*ASSIGNED TASK:* Your output should consist of the lines from the first line of the records below through the one with "- Small Sizes", exactly, minus the pictures.

=== DATASET EXCERPTS ===

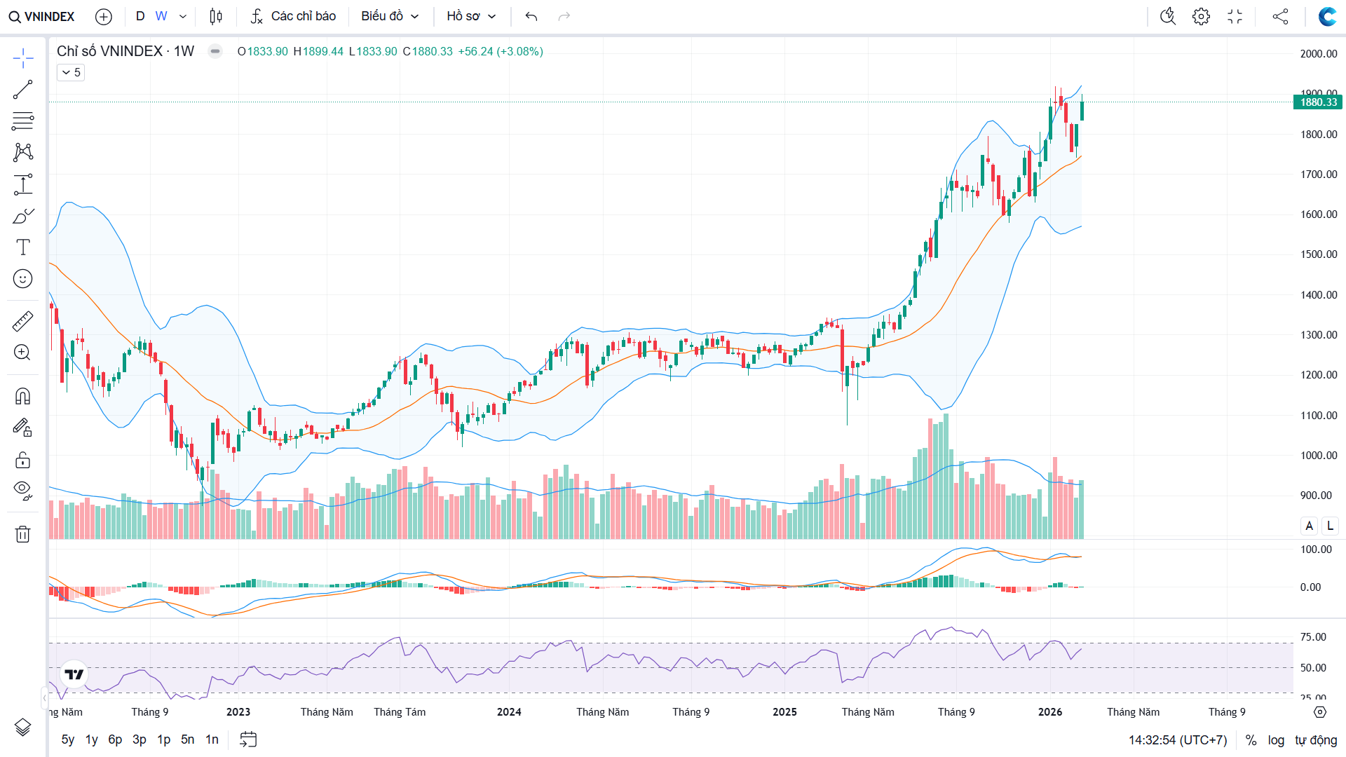 NĐT tuần qua hứng khởi quay lại thị trường giúp thanh khoản tăng 40% so với tuần trước Tết. Tuần giao dịch đầu tiên của năm Bính Ngọ sắc xanh lan tỏa thị trường đặc biệt ở các nhóm Dầu khí, Thép, Vận tải biển, Hóa chất – Phân bón, Dệt may, … Một số nhóm ngành tăng do được hưởng lợi khi Mỹ bãi bỏ thuế đối ứng và chỉ áp thuế toàn cầu 10%. Tuy nhiên VNI có dấu hiệu bán xuống trong phiên cuối tuần khi tiệm cận vùng 1900đ, đặc biệt nhóm BĐS bị bán ở mức khá cho thấy rủi ro điều chỉnh ở vùng đỉnh cũ.
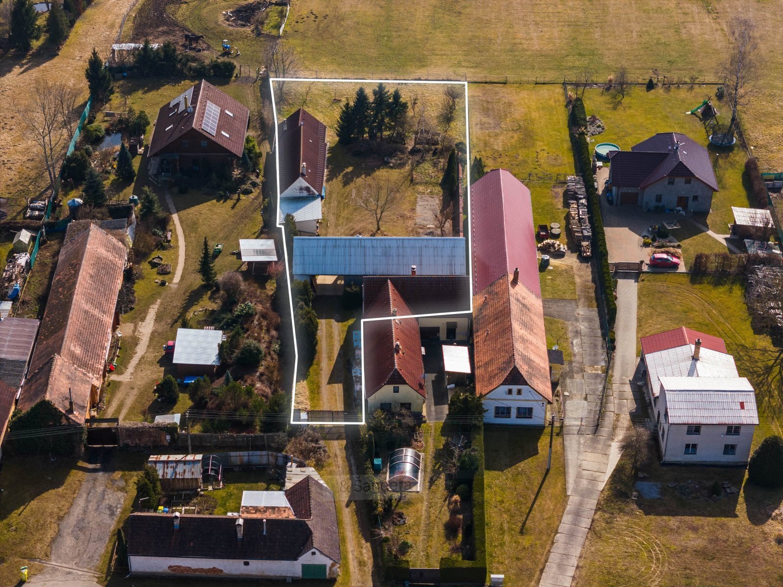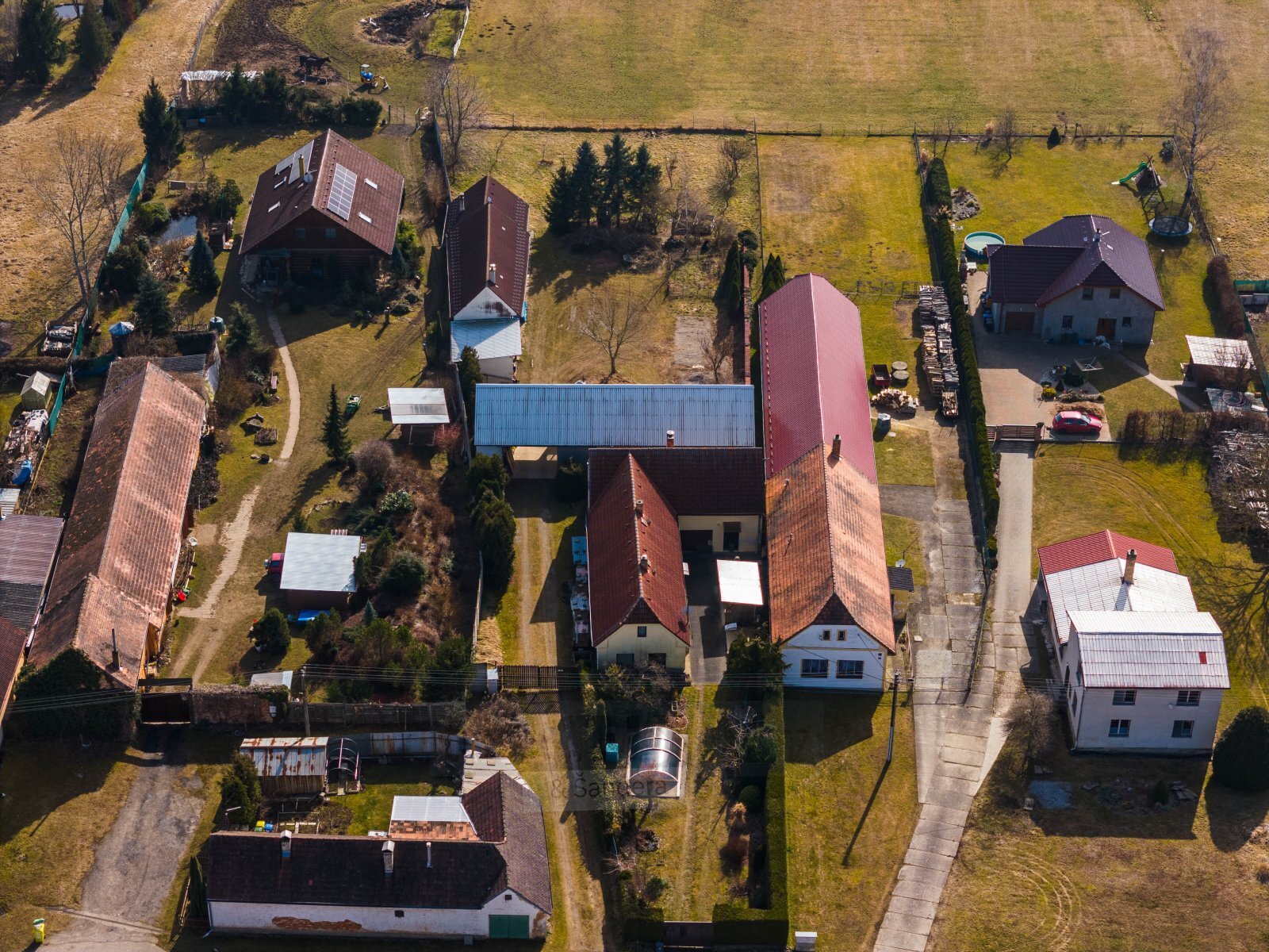 Přístup je zajištěn přímo z obecní komunikace. Objekt nabízí výrazný potenciál jak pro budoucí rodinné bydlení, tak pro kombinaci bydlení a podnikání.
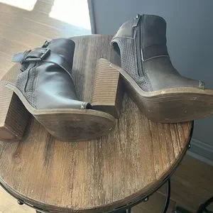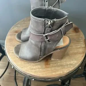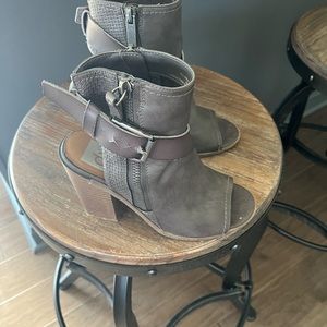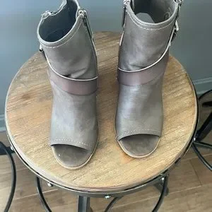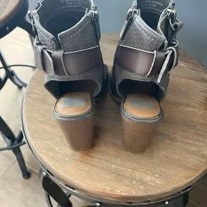 Cute block heels with zipper and buckle, open toe. 4” heel. Brownish gray
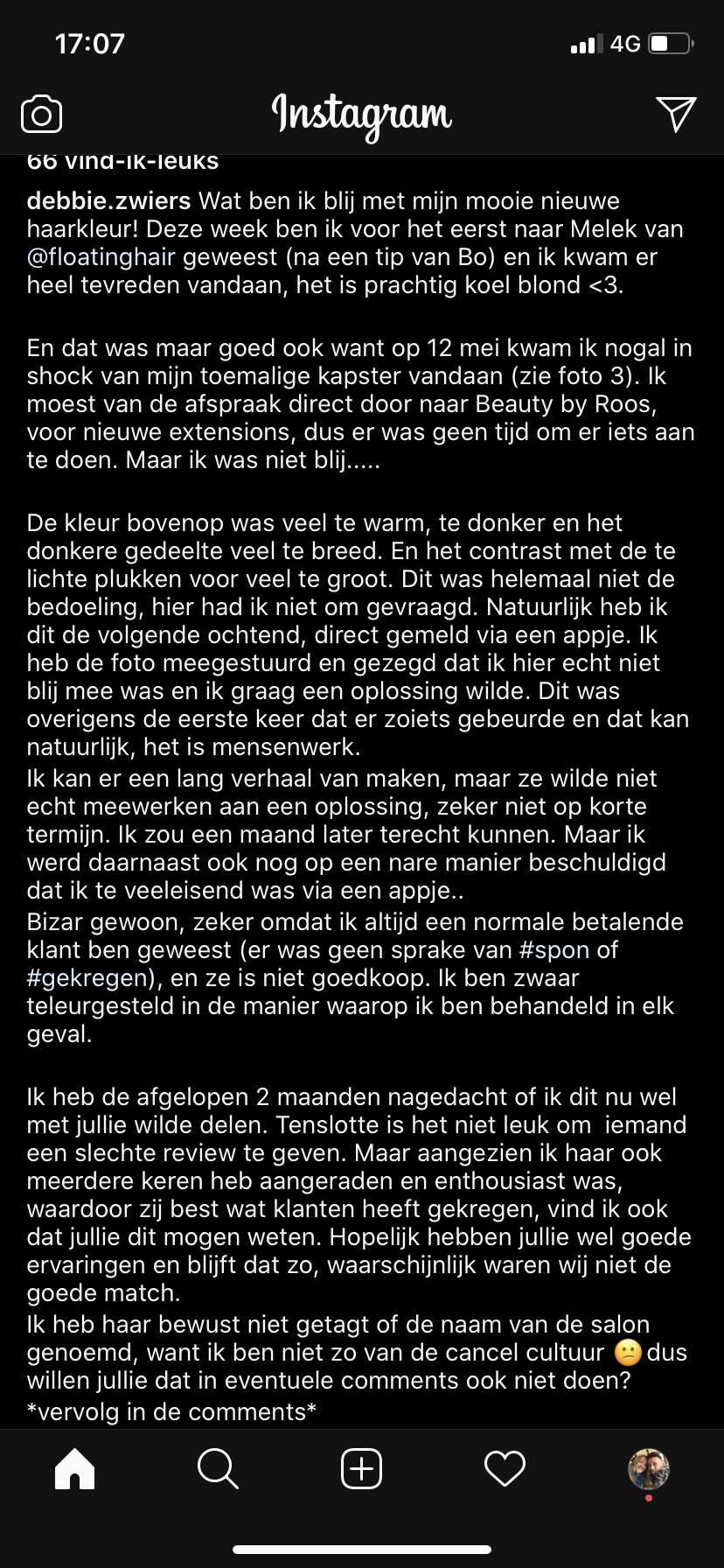 Niet zo van de cancel cultuur, maar wel deze post op insta zetten onder het mom van ‘Kijk hoe blij ik ben met mijn nieuwe kapper! En hoefde er niet eens voor te betalen!1!!’ Vind Debbie leuk om te volgen, maar dit was niet nodig.
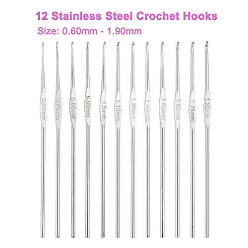 - Small Sizes Crochet Hooks made of Stainless Steel, 12 pieces - Crocheting the Finest crochet thread lace projects! (0.6mm, 0.75mm, 0.85mm, 0.90mm, 1.0mm, 1.1mm, 1.25mm, 1.40mm, 1.50mm, 1.60mm, 1.75mm, 1.90mm)
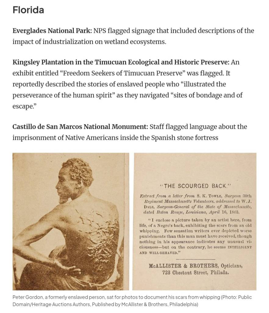 Bem, aqui dá até vontade de chorar. De repente, tu vê os caras detonando sua própria história, apagando deliberadamente resquícios do sofrimento e da contribuição indígena e negra na construção daquela nação nada tão branca, nem tão grande (não mais)! O que foi feito pelo atual governo do Trump para não mostrar ao público as contradições e crueldades coloniais é algo de nível nunca antes visto em países considerados democráticos! Segue uns exemplos:
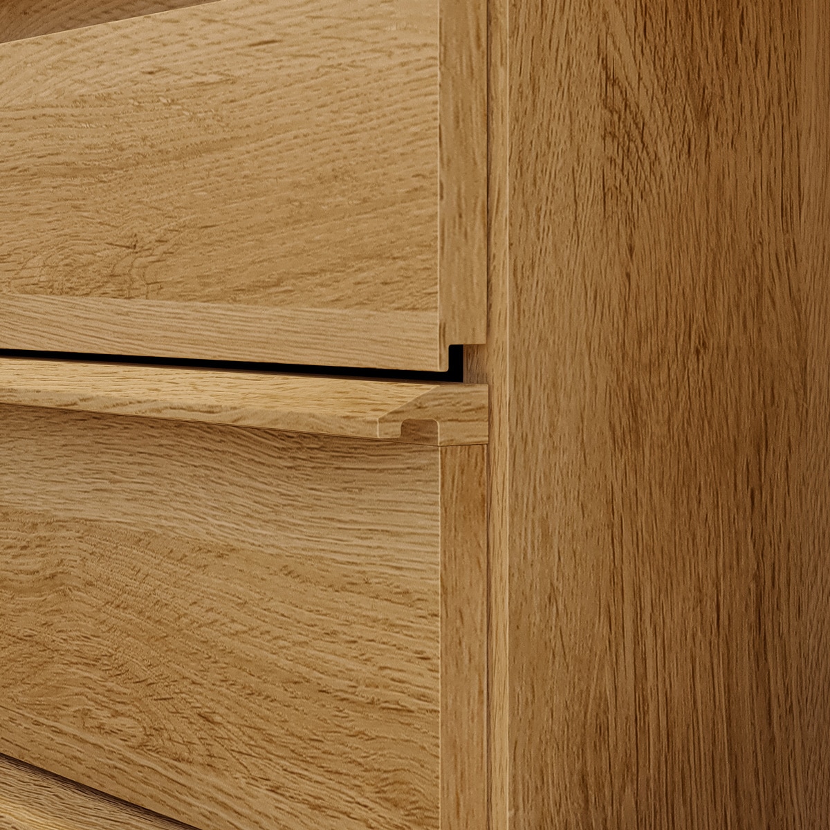引き出しにはフルスライドレールを使用。全部引き出せるから、奥にしまった物も取り出しやすくなっています。
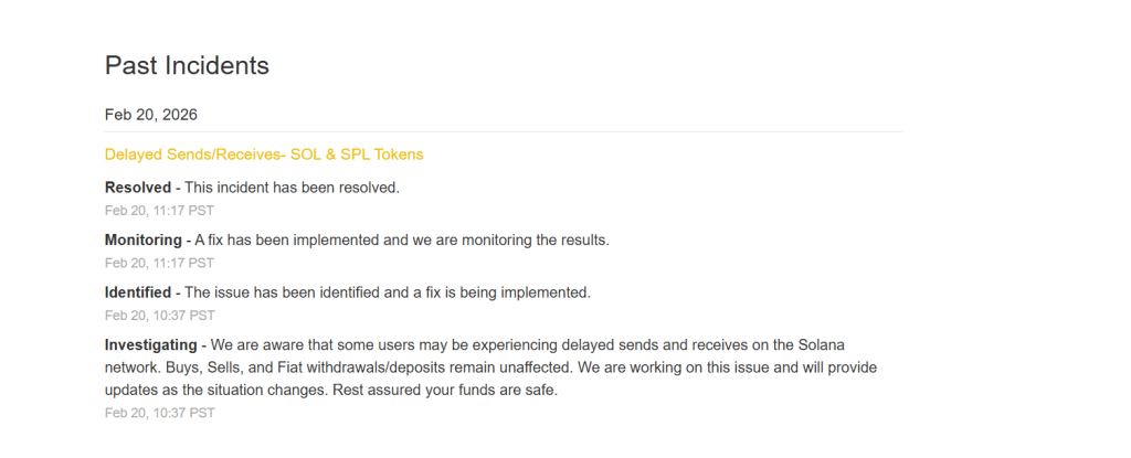 - Coinbase reports a new Solana delay as technical issues persist across recent network incidents.

===

*TASK SOLUTION:*
 NĐT tuần qua hứng khởi quay lại thị trường giúp thanh khoản tăng 40% so với tuần trước Tết. Tuần giao dịch đầu tiên của năm Bính Ngọ sắc xanh lan tỏa thị trường đặc biệt ở các nhóm Dầu khí, Thép, Vận tải biển, Hóa chất – Phân bón, Dệt may, … Một số nhóm ngành tăng do được hưởng lợi khi Mỹ bãi bỏ thuế đối ứng và chỉ áp thuế toàn cầu 10%. Tuy nhiên VNI có dấu hiệu bán xuống trong phiên cuối tuần khi tiệm cận vùng 1900đ, đặc biệt nhóm BĐS bị bán ở mức khá cho thấy rủi ro điều chỉnh ở vùng đỉnh cũ.
 Přístup je zajištěn přímo z obecní komunikace. Objekt nabízí výrazný potenciál jak pro budoucí rodinné bydlení, tak pro kombinaci bydlení a podnikání.
 Cute block heels with zipper and buckle, open toe. 4” heel. Brownish gray
 Niet zo van de cancel cultuur, maar wel deze post op insta zetten onder het mom van ‘Kijk hoe blij ik ben met mijn nieuwe kapper! En hoefde er niet eens voor te betalen!1!!’ Vind Debbie leuk om te volgen, maar dit was niet nodig.
 - Small Sizes Crochet Hooks made of Stainless Steel, 12 pieces - Crocheting the Finest crochet thread lace projects! (0.6mm, 0.75mm, 0.85mm, 0.90mm, 1.0mm, 1.1mm, 1.25mm, 1.40mm, 1.50mm, 1.60mm, 1.75mm, 1.90mm)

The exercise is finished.